(Entries supplied)

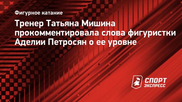 Российский тренер по фигурному катанию Татьяна Мишина в комментарии для «СЭ» оценила слова Аделии Петросян. Ранее двукратная чемпионка России заявила, что пока недотягивает до уровня Анны Щербаковой, Александры Трусовой и Алены Косторной.
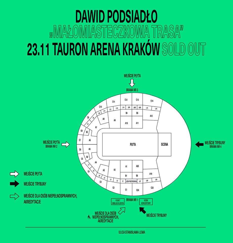 Koncert Dawida Podsiadło odbędzie się w TAURON Arenie Kraków 23 listopada 2018 r. o godz. 20:30. Bramy zostaną otwarte o godz. 18:30 (podana godzina jest orientacyjna i może ulec zmianie).
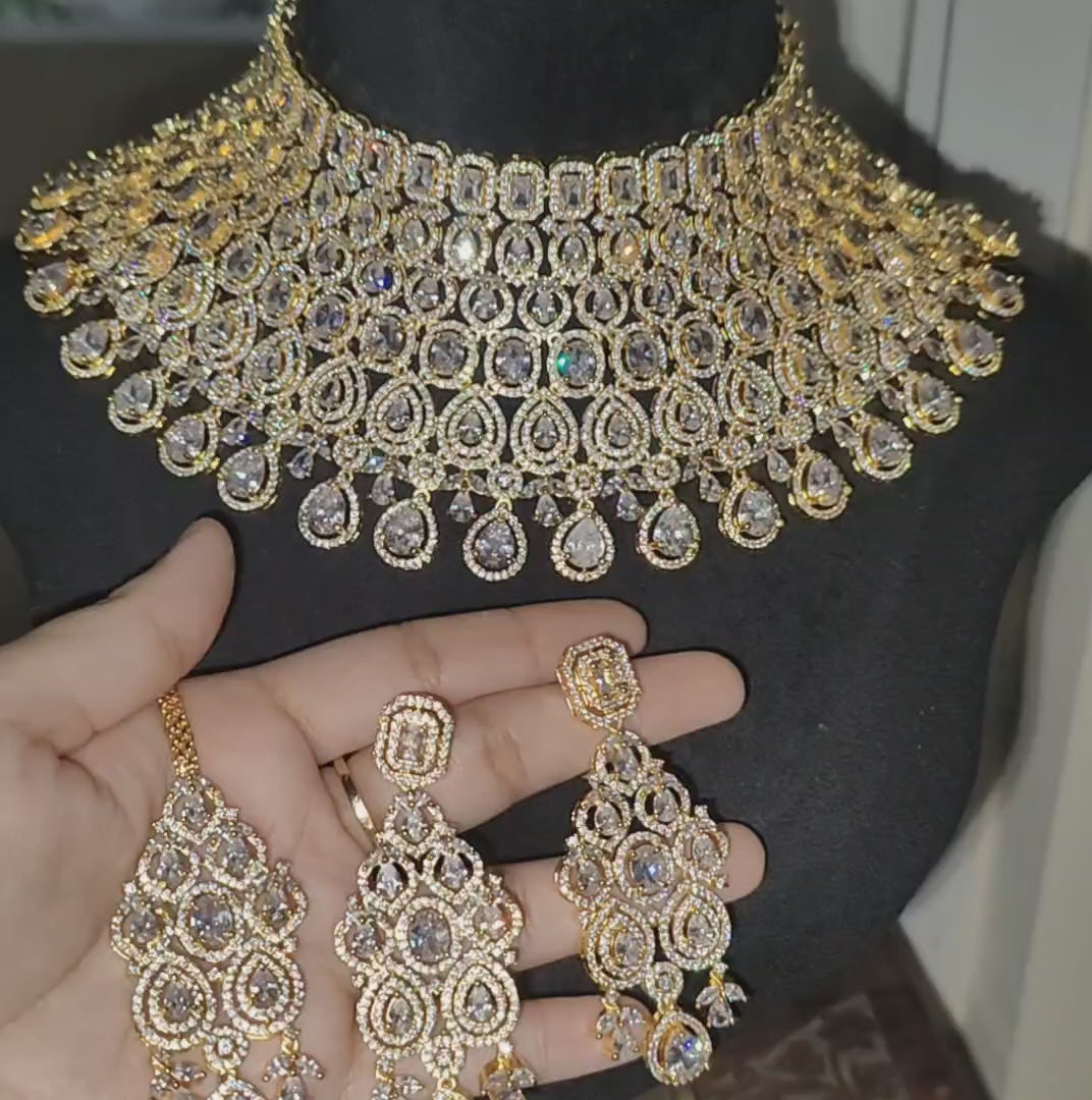 Ritta's Collections, Premium Golden Polish Bridal Chokar with Earrings and Maangtikka, Swipe for video
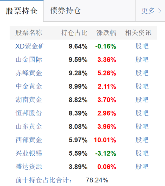 华富永鑫灵活配置混合A更是成为了一只“贵金属主题基金”,自2023年起十大重仓股便主要集中于黄金股。截至今年一季度末,该基金的十大重仓股为XD紫金矿、山金国际、赤峰黄金、中金黄金、湖南黄金等,且前十大重仓股持仓占基金资产净值比例接近八成。今年以来,该基金涨幅已经达到40.8%。
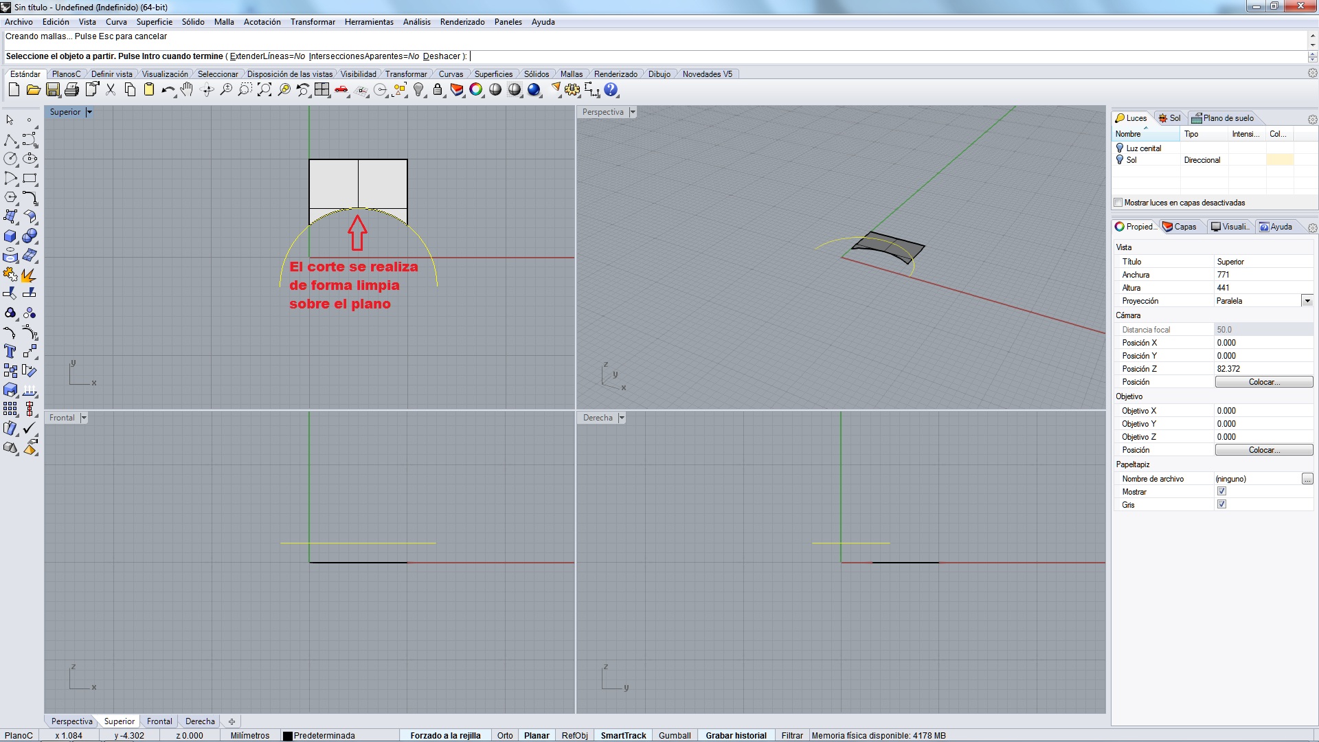 Un dato importante, si proyectamos la curva en vista perspectiva, esta se proyectará según sea nuestra perspectiva, con lo cual si queremos hacer un corte en el centro del plano pero aparentemente la curva coincide sobre una lado o una esquina, nos cortará precisamente eso, el lado o la esquina.
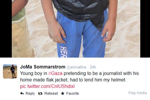 ”Băieţel din #Gaza care pretinde că este jurnalist, cu vesta lui antiglonţ făcută în casă, a trebuit să îi împrumut casca mea”, a scris reporterul pe Twitter.
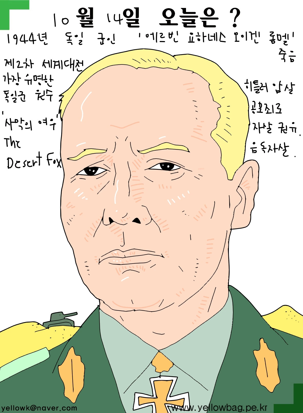 1944년 10월14일 독일 군인롬멩 죽음. 2차대전 가장 유명한 독일군 장교 사막의 여우라 불림. 히틀러 암살 공모로 자살권유. 음독자살.

(End Entries supplied)

What you should do:
After locating the line containing "Ritta's Collections, Premium" in the entries above, repeat only it and each later line through the end, exactly, without any pictures.

Exercise answer:
 Ritta's Collections, Premium Golden Polish Bridal Chokar with Earrings and Maangtikka, Swipe for video
 华富永鑫灵活配置混合A更是成为了一只“贵金属主题基金”,自2023年起十大重仓股便主要集中于黄金股。截至今年一季度末,该基金的十大重仓股为XD紫金矿、山金国际、赤峰黄金、中金黄金、湖南黄金等,且前十大重仓股持仓占基金资产净值比例接近八成。今年以来,该基金涨幅已经达到40.8%。
 Un dato importante, si proyectamos la curva en vista perspectiva, esta se proyectará según sea nuestra perspectiva, con lo cual si queremos hacer un corte en el centro del plano pero aparentemente la curva coincide sobre una lado o una esquina, nos cortará precisamente eso, el lado o la esquina.
 ”Băieţel din #Gaza care pretinde că este jurnalist, cu vesta lui antiglonţ făcută în casă, a trebuit să îi împrumut casca mea”, a scris reporterul pe Twitter.
 1944년 10월14일 독일 군인롬멩 죽음. 2차대전 가장 유명한 독일군 장교 사막의 여우라 불림. 히틀러 암살 공모로 자살권유. 음독자살.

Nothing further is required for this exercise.